→ **Exercise details**
Copy task, pictures excluded: set down exactly the lines from the one containing "使用多組短圍油欄來(lái)引導溢油, 使之流到可以回收的區域進(jìn)行回收, 布放結構見(jiàn)圖11。" to the end of the data below.

** Given data follows **

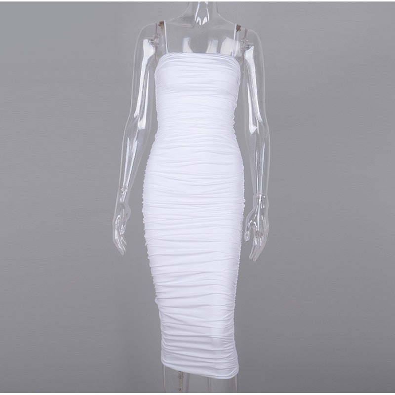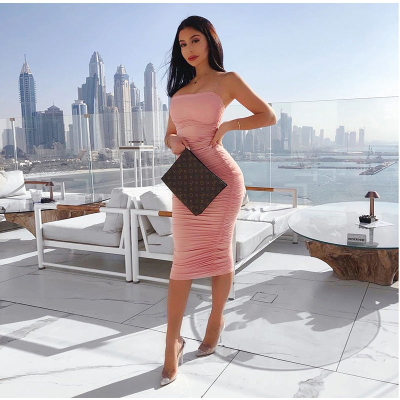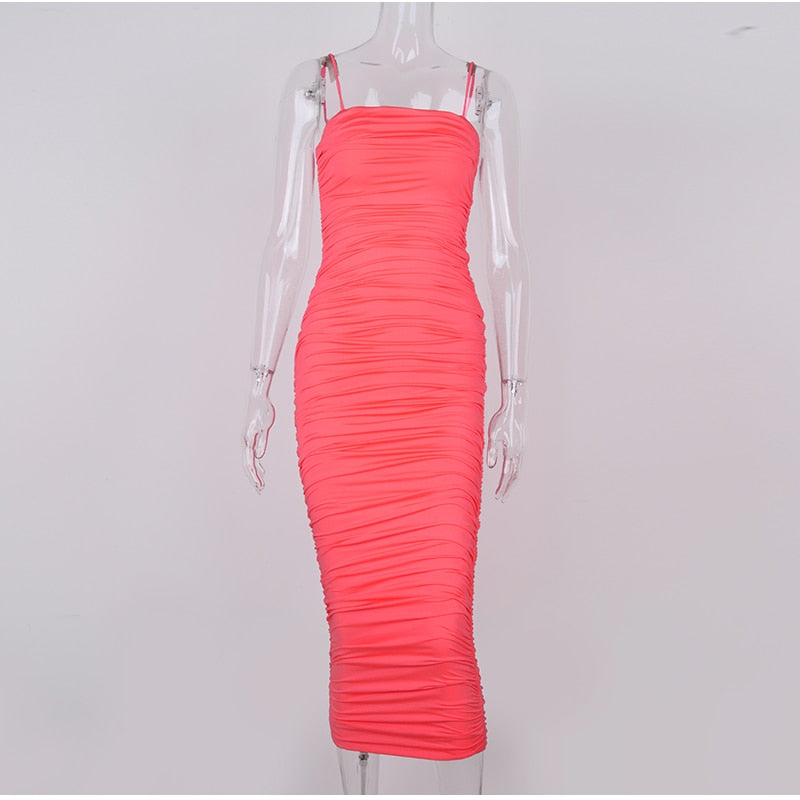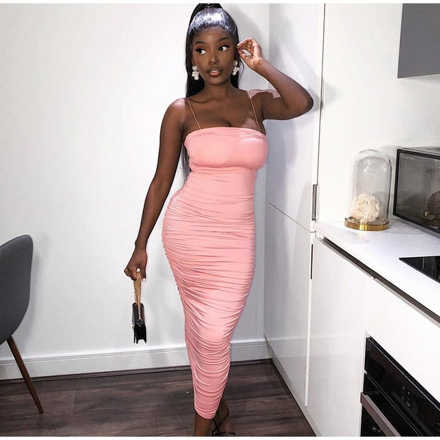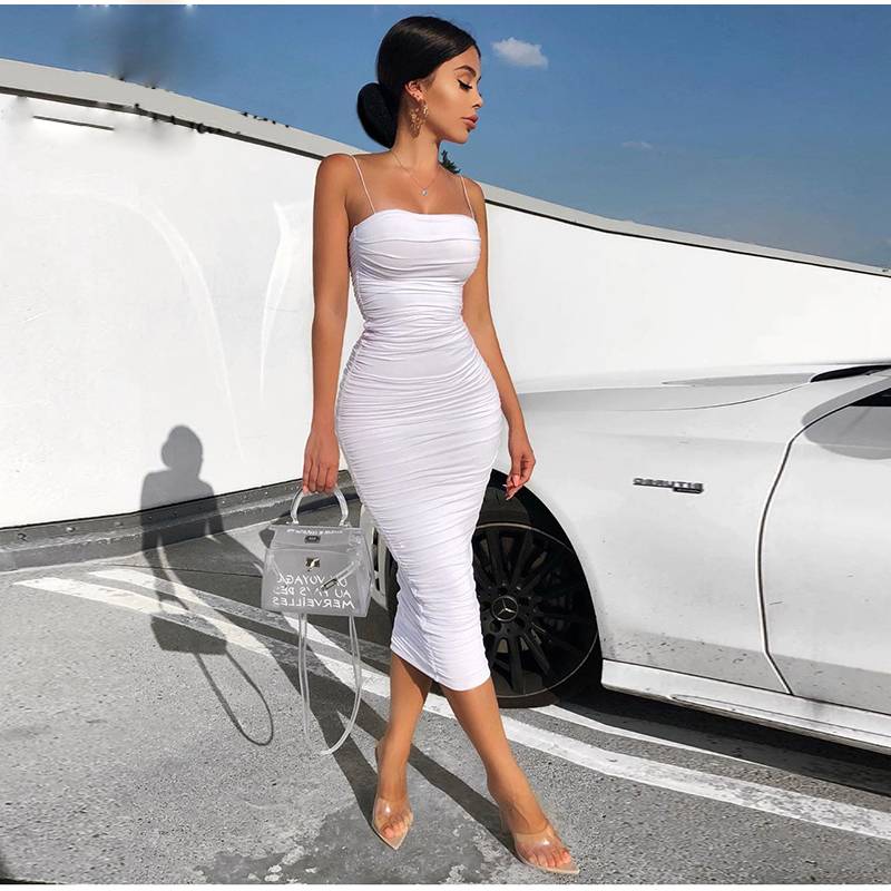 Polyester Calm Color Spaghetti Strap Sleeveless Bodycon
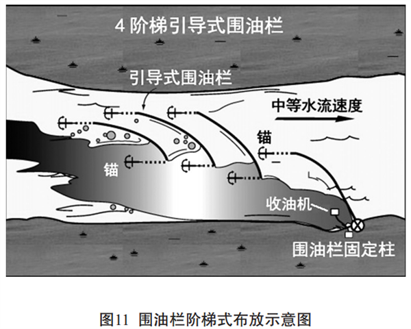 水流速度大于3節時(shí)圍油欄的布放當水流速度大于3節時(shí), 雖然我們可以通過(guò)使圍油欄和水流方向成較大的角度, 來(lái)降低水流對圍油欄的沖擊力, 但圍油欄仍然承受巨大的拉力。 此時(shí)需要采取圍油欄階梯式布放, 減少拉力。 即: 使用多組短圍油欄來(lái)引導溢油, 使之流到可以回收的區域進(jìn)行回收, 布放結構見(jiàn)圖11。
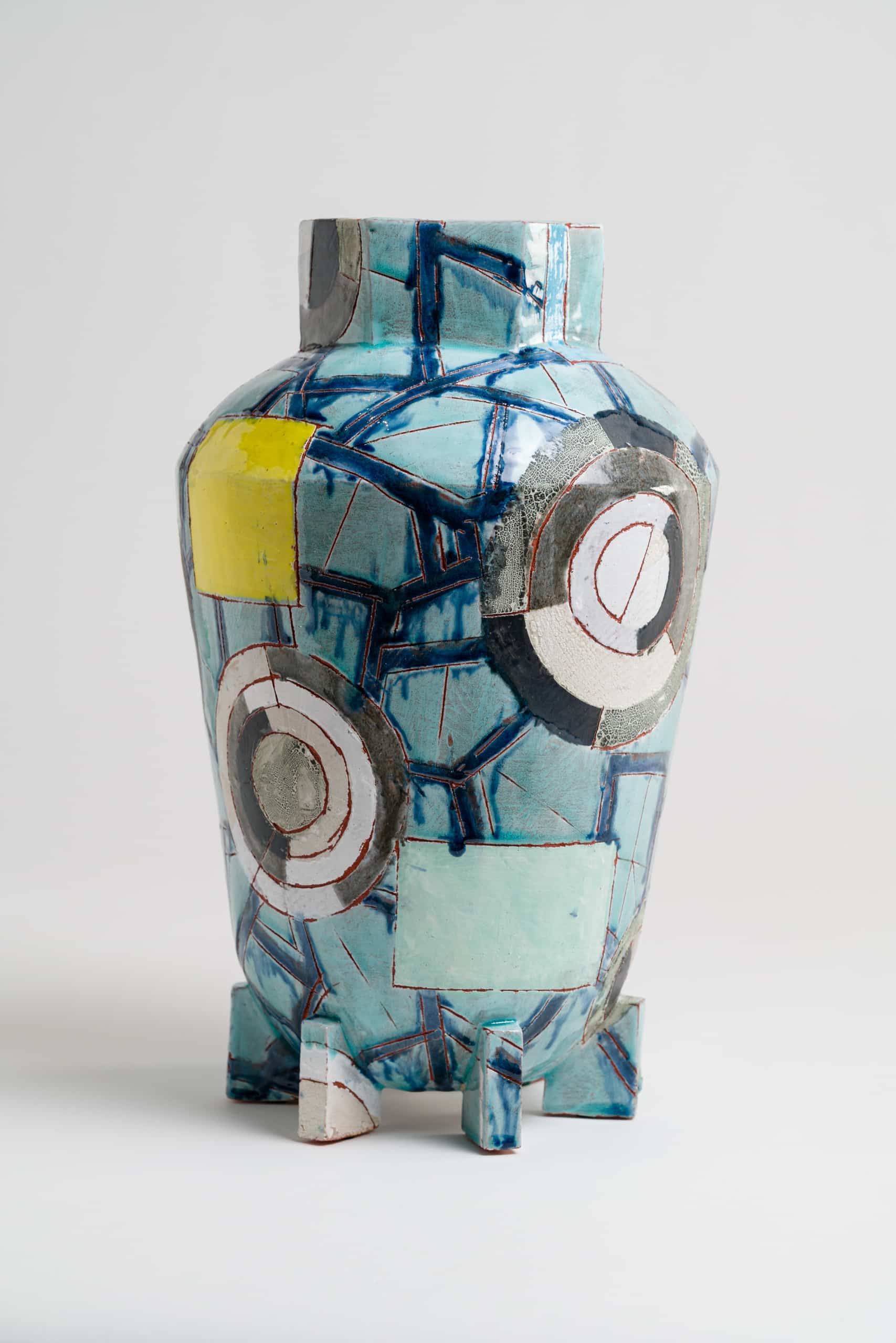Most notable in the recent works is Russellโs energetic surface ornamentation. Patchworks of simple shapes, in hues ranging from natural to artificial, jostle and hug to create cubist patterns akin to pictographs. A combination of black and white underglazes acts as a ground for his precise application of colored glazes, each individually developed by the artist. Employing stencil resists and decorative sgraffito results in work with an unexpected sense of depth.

** End of Given data **

→ **Solved problem**
 水流速度大于3節時(shí)圍油欄的布放當水流速度大于3節時(shí), 雖然我們可以通過(guò)使圍油欄和水流方向成較大的角度, 來(lái)降低水流對圍油欄的沖擊力, 但圍油欄仍然承受巨大的拉力。 此時(shí)需要采取圍油欄階梯式布放, 減少拉力。 即: 使用多組短圍油欄來(lái)引導溢油, 使之流到可以回收的區域進(jìn)行回收, 布放結構見(jiàn)圖11。
Most notable in the recent works is Russellโs energetic surface ornamentation. Patchworks of simple shapes, in hues ranging from natural to artificial, jostle and hug to create cubist patterns akin to pictographs. A combination of black and white underglazes acts as a ground for his precise application of colored glazes, each individually developed by the artist. Employing stencil resists and decorative sgraffito results in work with an unexpected sense of depth.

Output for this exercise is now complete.